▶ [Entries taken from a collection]
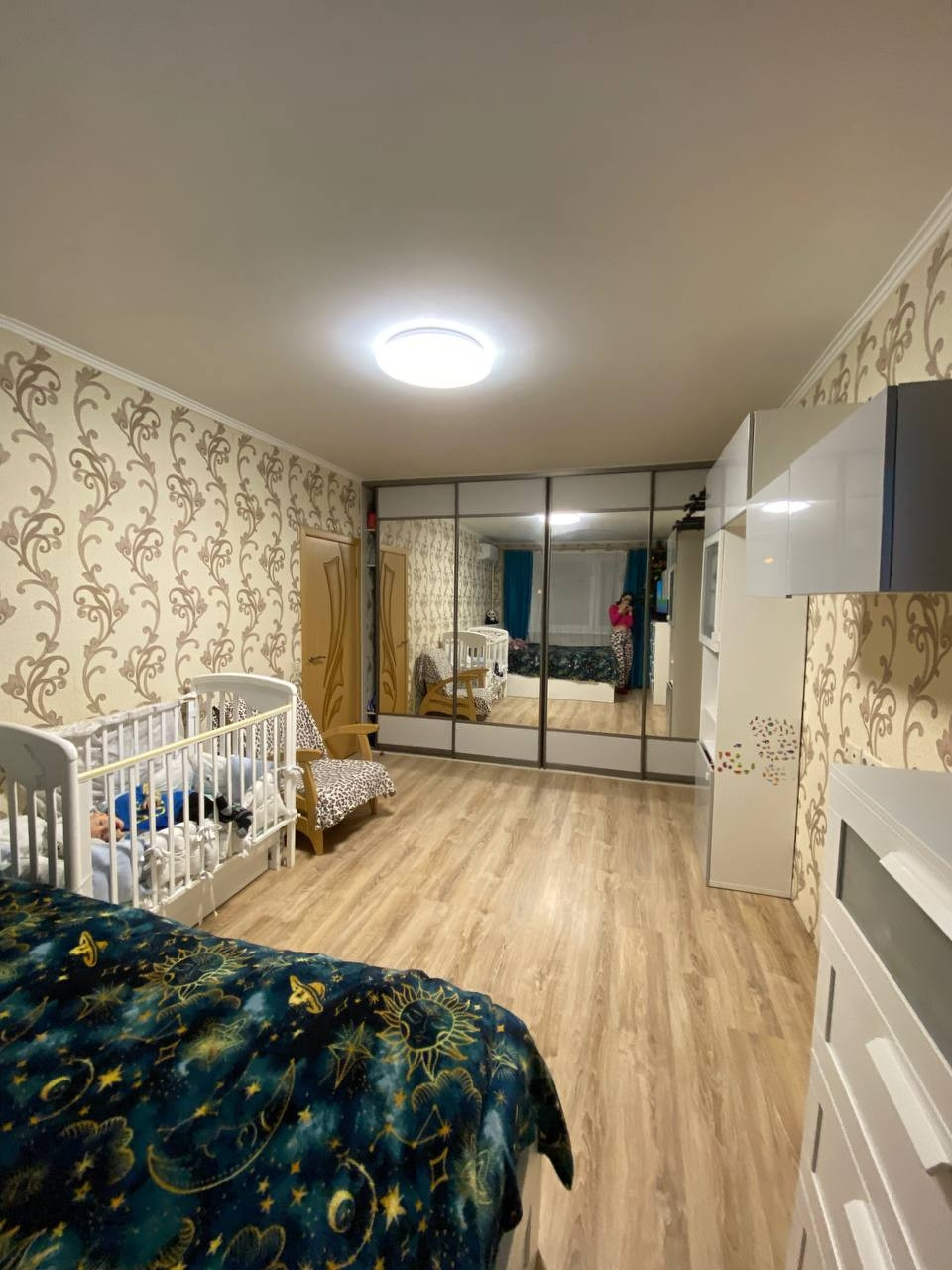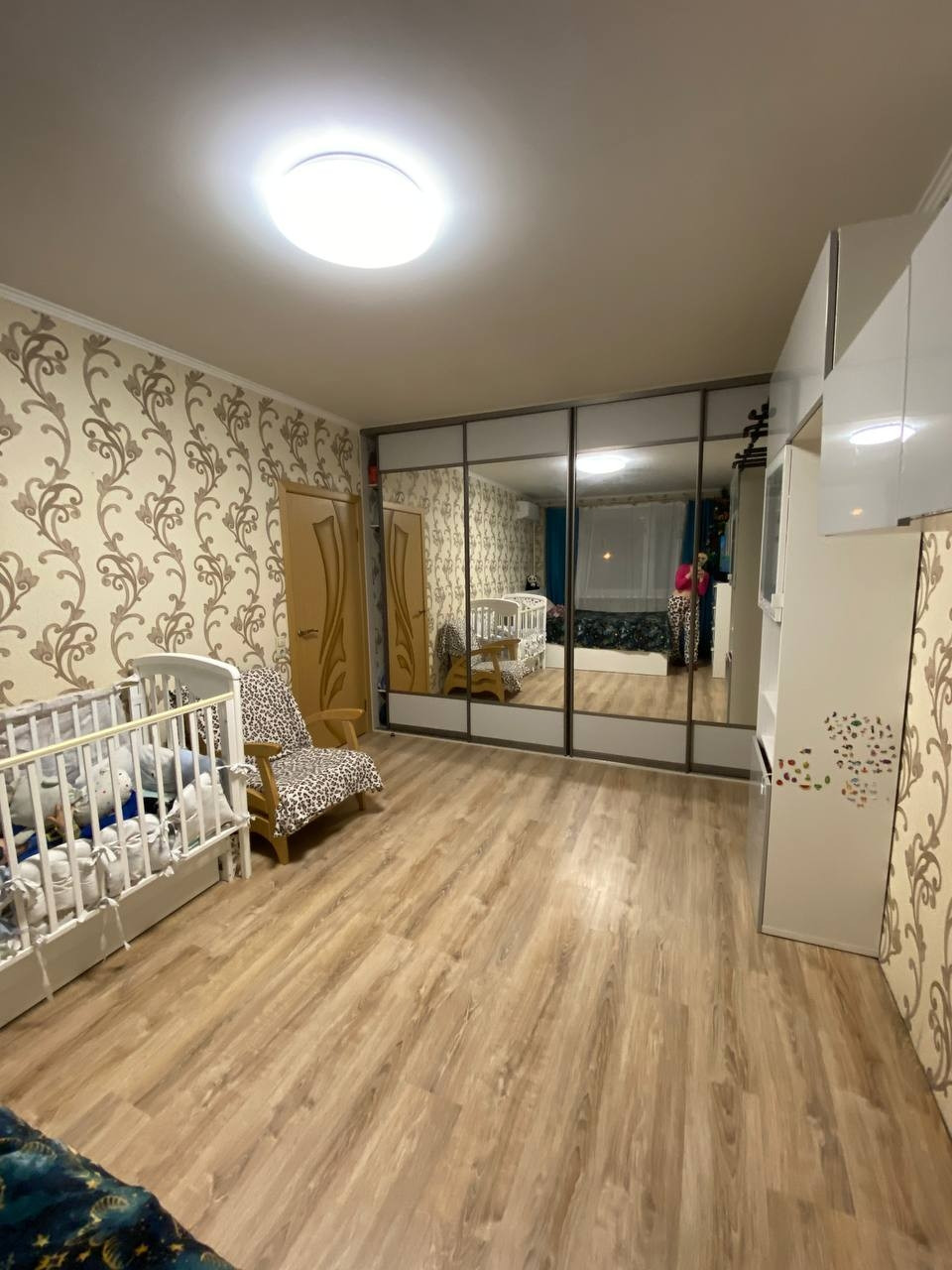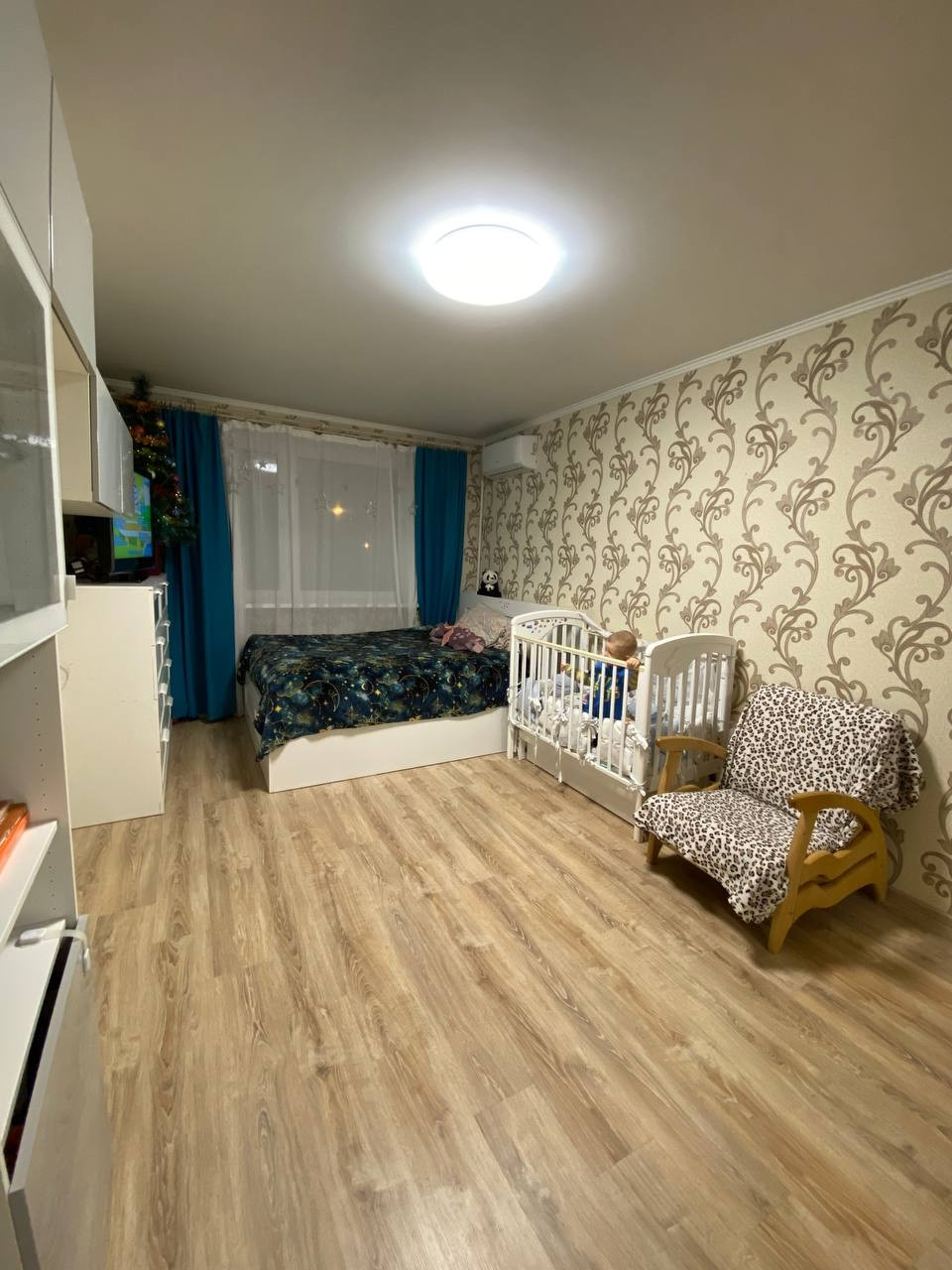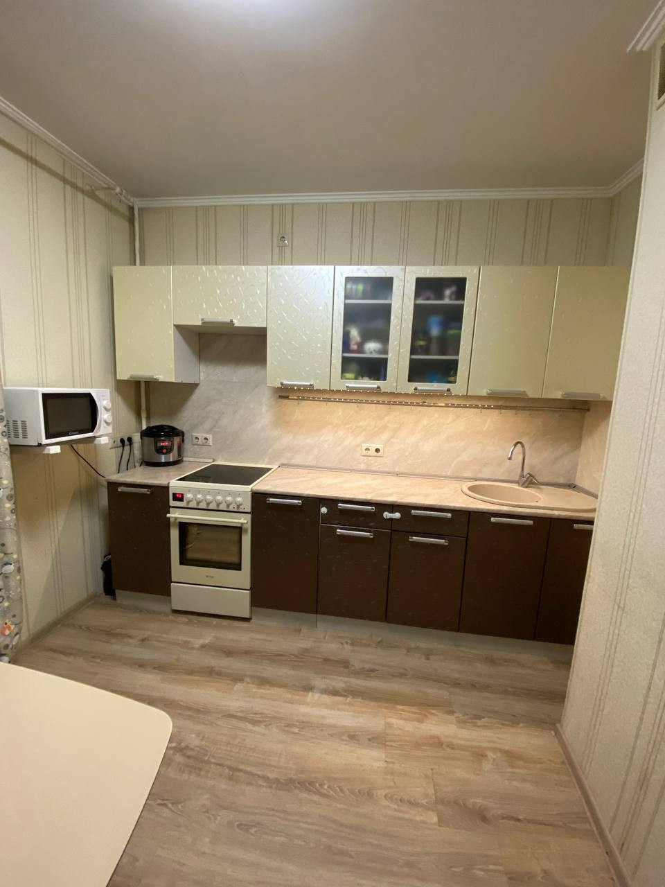 В квартире остаётся кухня, плита, два шкафа купе (1 в комнате, 1 в коридоре), кондиционер, все люстры.
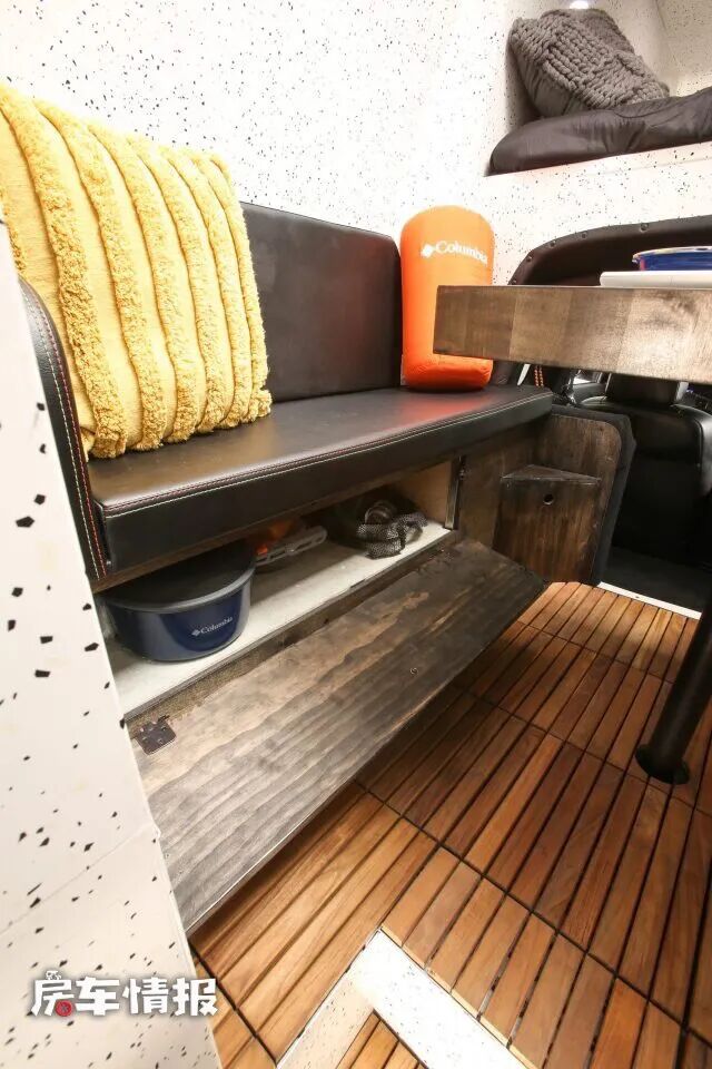 在最前方的驾驶室顶部的额头区域内,提供了一张额头床,大小尺寸可以容纳两名成年人使用,同时前方还带有大尺寸的观赏窗,也保证了此区域的采光度,顶部还配置了一个换气扇,保证车内的空气清新。
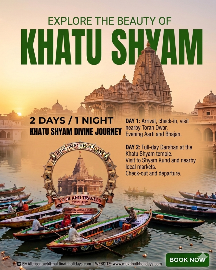 Khatu Shyam Temple. Witness the magnificent floral decorations (Shringar) of Baba Shyam and participate in the soul-stirring Maha Aarti. Our itinerary also includes a holy dip in the Shyam Kund, where the miraculous head of Baba Shyam was first discovered.
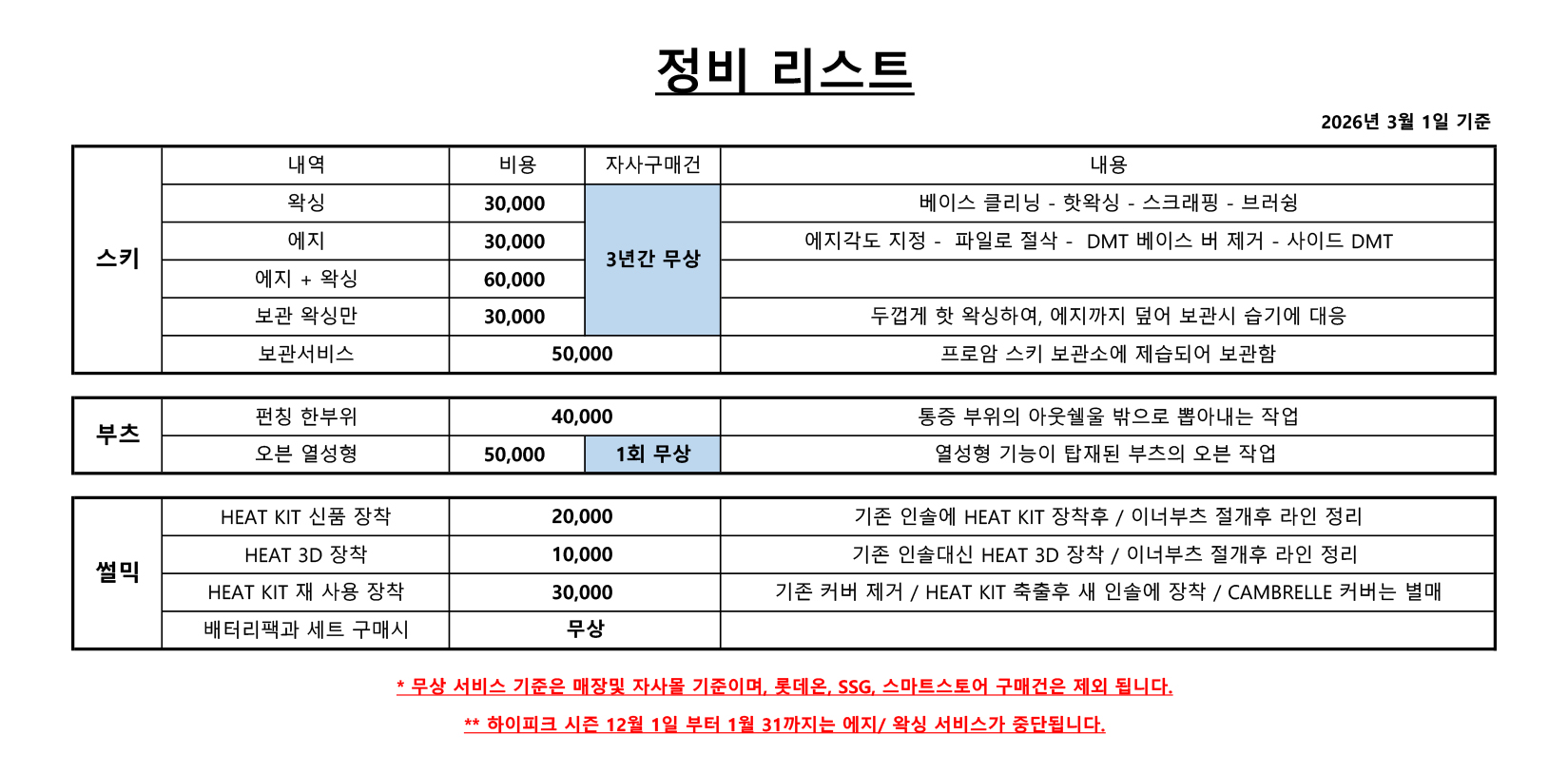 제목 2026 정비 공임 안내
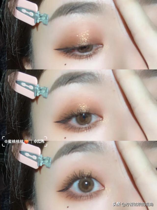 然后①夹好睫毛②画内眼线③刷睫毛打底和睫毛膏
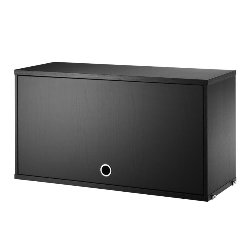 String Systemの全てのサイドパネル奥行き30cmに組み合わが可能で、内側に高さ調整可能なシェルフ1枚が付いています。内寸はW75xD28.5x H38cm。組立式。
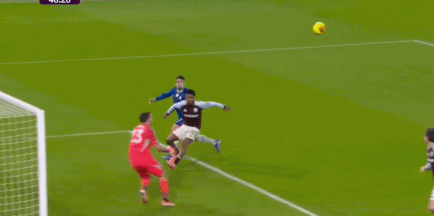 第84分鐘,蒂勒曼斯角球傳中,落點恰到好處,沃特金斯甩頭攻門,桑切斯鞭長莫及,維拉連扳2球,2-1!
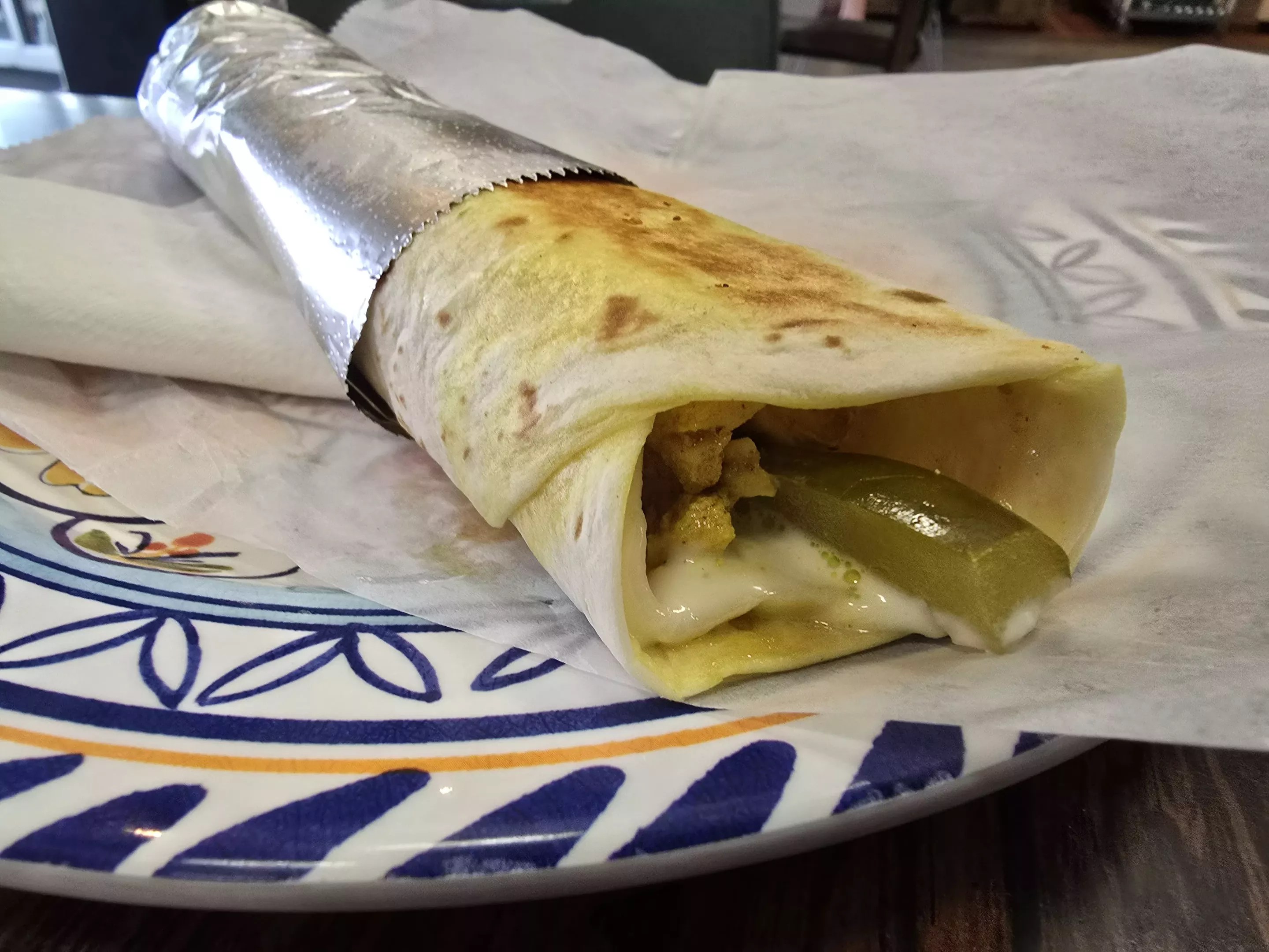 Next, I dug into a chicken shwarma wrap from Jasmine Syrian, which is owned by Mohamad Alnouri, who fled Syria with his family in 2015 and arrived in Denver in 2017. His parents were patients of Dr. P.J. Parmar, the founder of Mango House, and he offered the family the opportunity to open their restaurant in 2018; it was the first stall open inside the community center.
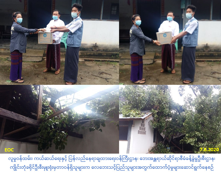 လူမှုဝန်ထမ်း၊ ကယ်ဆယ်ရေးနှင့် ပြန်လည်နေရာချထားရေးဝန်ကြီးဌာန၊ ဘေးအန္တရာယ်ဆိုင်ရာစီမံခန့်ခွဲမှုဦးစီးဌာန၊ ကျိုင်းတုံခရိုင်ဦးစီးမှူးရုံးမှတာဝန်ရှိသူများသည် (၇-၈-၂၀၂၀)ရက်နေ့၊ (၀၆:၃၀)အချိန်ခန့်တွင် ကျိုင်းတုံခရိုင်၊ ကျိုင်းတုံမြို့ အမှတ်(၁)ရပ်ကွက်၊ ကျိုင်းခုံရပ်၌ ဖြစ်ပွား ခဲ့သည့် လေပြင်းတိုက်ခတ်မှုကြောင့် အိမ်ခြေ(၁)လုံး၊ အိမ်ထောင်စု(၁)စုနှင့် လူဦးရေစုစုပေါင်း (၅)ဦးတို့ လေဘေးသင့်ခဲ့ရာ ဆုံးရှုံးမှုတန်ဖိုးမှာကျပ်(၂၀၀,၀၀၀/-)ခန့်ဖြစ်ပြီး၊ အဆိုပါလေပြင်း ဘေးသင့်နေအိမ်(၁)လုံးအတွက် အိမ်ဆောက်ပစ္စည်းဖိုးထောက်ပံ့ငွေ(၁၀၀,၀၀၀/-)ကျပ်၊ လူဦးရေ (၅)ဦးအတွက် ဆန်ရိက္ခာ(၁)ပတ်စာဖိုးထောက်ပံ့ငွေ(၁၀,၅၀၀/-)ကျပ်နှင့် ကယ်ဆယ်ရေးပစ္စည်း (၁၀)မျိုးတို့အား (၇-၈-၂၀၂၀)ရက်နေ့၊ (၁၈:၀၀)နာရီအချိန်ခန့်တွင် ဘေးသင့်ပြည်သူများ လက်ဝယ်အရောက် သွားရောက်ထောက်ပံ့ခဲ့ပါကြောင်း သတင်းရရှိပါသည်။
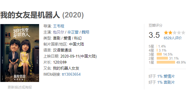 - 2020年《我的女友是机器人》 豆瓣评分:3.6

▶ [TASK GOAL] Through the line containing "在最前方的驾驶室顶部的额头区" and no further, restate the data above word for word from its first line, leaving out pictures.

▶ [YOUR RESPONSE]
 В квартире остаётся кухня, плита, два шкафа купе (1 в комнате, 1 в коридоре), кондиционер, все люстры.
 在最前方的驾驶室顶部的额头区域内,提供了一张额头床,大小尺寸可以容纳两名成年人使用,同时前方还带有大尺寸的观赏窗,也保证了此区域的采光度,顶部还配置了一个换气扇,保证车内的空气清新。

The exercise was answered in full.